A revista cultural Bric-a-Brac foi editada entre 1985 e 2022. A publicação extrapolou os limites do Distrito Federal, entrevistando intelectuais e artistas como Caetano Veloso e Paulinho da Viola; Nise da Silveira; Manoel de Barros, entre outras personalidades.

Em sua trajetória, passou pela assessoria de comunicação do ministério da Cultura, que soltou nota lamentando a morte de Turiba e afirmando que o jornalista “participou de momentos importantes da história do próprio MinC”.

O Sindicato dos Jornalistas do Distrito Federal lembrou que “além de sua escrita afiada nas redações, Turiba foi um símbolo vivo da resistência democrática que marca a história da categoria.
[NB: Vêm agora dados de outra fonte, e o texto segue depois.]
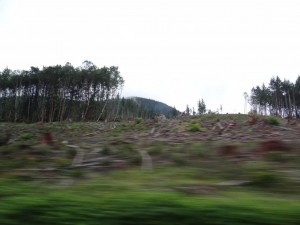 Gestern sind wir längs durch Vancouver Island gefahren, eine Insel etwa so groß wie Sachsen und Thüringen zusammen. Überall steht Wald, es gibt kaum Städte oder Dörfer. Der Wald sieht, wenn man nicht so genau hinschaut, aus wie in unseren deutschen Mittelgebirgen, nur mit dem Unterschied, dass zwischendurch immer wieder riesige Flächen frisch gerodet oder mit sehr jungen Bäumen bewachsen sind. Der Flickenteppich zieht sich über Berge und Täler, gegliedert durch ein engmaschiges Netz von Forststraßen. Auf den Straßen sieht man immer wieder große Langholzlaster, voll beladen in die eine Richtung, leer in die andere. Ein Land lebt vom Wald.

Militante histórico, ele sofreu severa perseguição política, prisão e tortura durante o regime militar”.

Em agosto de 2024, a Comissão de Anistia concedeu anistia política a Turiba, reconhecendo que a farta documentação que o escritor reuniu e apresentou ao colegiado comprova que, durante a ditadura, ele foi perseguido por razões políticas, tendo sido monitorado pelo Serviço Nacional de Informações (SNI) até meados da década de 1980. Além da condição de anistiado, Turiba recebeu do Estado brasileiro um pedido formal de desculpas.

Após anos atuando como assessor do Ministério da Cultura, aposentou-se no início da década de 2010 para dedicar-se exclusivamente à literatura. Viveu os últimos anos entre o Rio de Janeiro, Salvador e Brasília.

Neste sábado, amigos prestam a última homenagem no Beirute, tradicional restaurante de Brasília. Reduto de muitos encontros e acontecências.